Using the SMR statistical inference method to match the signature of genes from blood and brain mQTL with patterns of association in GWAS, we identified 168 and 33 SCZ susceptibility loci in blood and brain, respectively, whose methylation levels may affect SCZ risk. If a single variant is associated with both phenotype and DNAm, the HEIDI P value will be non-significant. We conducted the HEIDI test and retained for further investigation only those probes with little evidence of heterogeneity PHEIDI ≥ 0.05. After the application of the HEIDI test, 65 gene-trait associations in blood (n = 60) and brain (n = 5) tissues significantly affected risk for SCZ (Fig. 2; Supplementary Table 1).

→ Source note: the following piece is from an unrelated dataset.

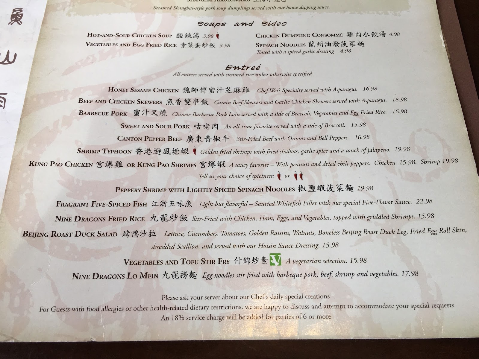 nine dragons menu

Replication of mQTL effects
Given the myriad confounders in the single mQTL database, we validated the above SNP-DNAm associations using three blood and two brain mQTL data sets. In the blood mQTL analysis, of 60 identified SNP-methylation associations, 15 were validated across all three blood mQTL databases and survived after Bonferroni correction (P < 0.05/n = 2.73 × 10−4, with n = 183 the total number of blood eQTL tests using three data sets; Supplementary Table 2). In the replication analysis of brain mQTL, only one SNP-methylation (rs876701-cg22675791) association was validated in two independent follow-up brain mQTL databases (P < 0.05/n = 5 × 10−3, with n = 10 the total number of brain eQTL tests using two data sets; Supplementary Table 3). Among these SNPs, the SNP rs2743467 affected the DNA methylation levels of two cytosine-phosphate-guanine (CpG) sites in blood tissue, including cg15557168 and cg05082376. Therefore, 15 SNPs (14 SNPs in blood and one SNP in brain) are validated across independent databases and likely to be authentic mQTL SNPs (Supplementary Tables 2, 3).

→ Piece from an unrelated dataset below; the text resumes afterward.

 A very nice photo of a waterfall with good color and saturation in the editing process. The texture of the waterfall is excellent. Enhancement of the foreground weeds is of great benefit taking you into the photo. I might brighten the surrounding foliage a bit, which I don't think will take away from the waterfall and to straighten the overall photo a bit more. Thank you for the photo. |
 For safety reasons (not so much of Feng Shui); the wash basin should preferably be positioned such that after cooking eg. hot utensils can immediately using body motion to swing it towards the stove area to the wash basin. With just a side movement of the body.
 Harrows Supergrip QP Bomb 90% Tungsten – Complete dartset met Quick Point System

Replication of GWAS results
Given the replication of significant associations between the 15 risk SNPs and methylation levels of nearby genes, we opted to further analyze these associations with regard to SCZ risk using a meta analysis of PGC and CLOZUK studies (40,675 cases and 64,643 controls) [29]. All the 15 SNPs were validated within the replication samples and attained a genome-wide significance level (P < 5 × 10−8; Supplementary Table 4). Therefore, these 15 SNPs are likely to be risk variants. To investigate the potential roles of risk genes in the pathogenesis of SCZ, we subsequently performed follow-up analyses based on these validated SNP-DNAm combinations, including eQTL analysis, differential methylation/expression analysis, neuroimaging genetics analysis, and cognitive genetics analysis.

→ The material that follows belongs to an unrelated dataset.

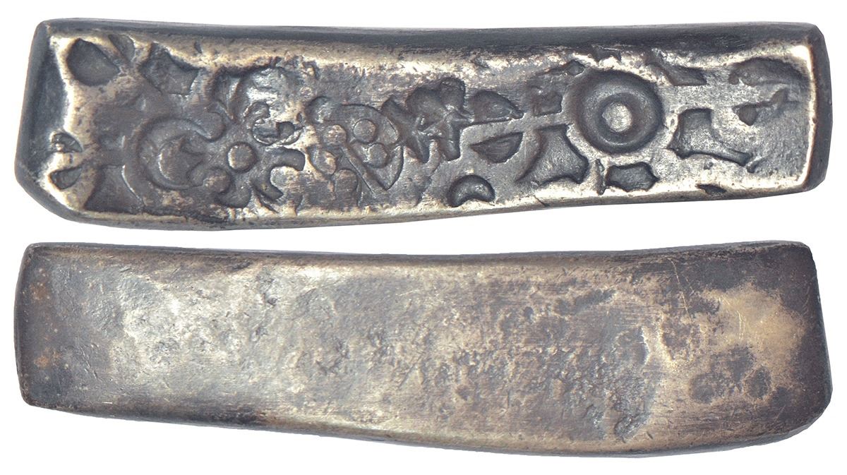 Archaic silver punch marked 'bent bar' coin, attributed to 'Gandhara Janapada' (c.600-300 BC), middle type, flat bar with narrow flan, Rajgor Series 34-35, 10.64g. Obv: Two punches with radiating circles on either end of the bar, with small ancillary symbols in center. Rev: Blank.

Identified SCZ risk SNPs affect expression levels of nearby genes
Considering that DNAm might regulate the expression of nearby genes, we examined the associations between the 15 identified SNPs and expression levels of nearby genes using public blood and brain eQTL databases, respectively. In blood eQTL analysis, all the 14 SNPs identified by SMR analysis in blood were significantly associated with expression level of nearby genes after multiple testing (P < 3.50 × 10−4, i.e., 0.05/n with n = 143; n being the total number of blood eQTL tests; Supplementary Table 5). In brain eQTL analysis, the SNP rs3765971 identified by SMR analysis in brain was significantly associated with expression levels of nearby gene RERE (P < 2 × 10−3, i.e., 0.05/n with n = 25; n being the total number of brain eQTL tests; Supplementary Table 6).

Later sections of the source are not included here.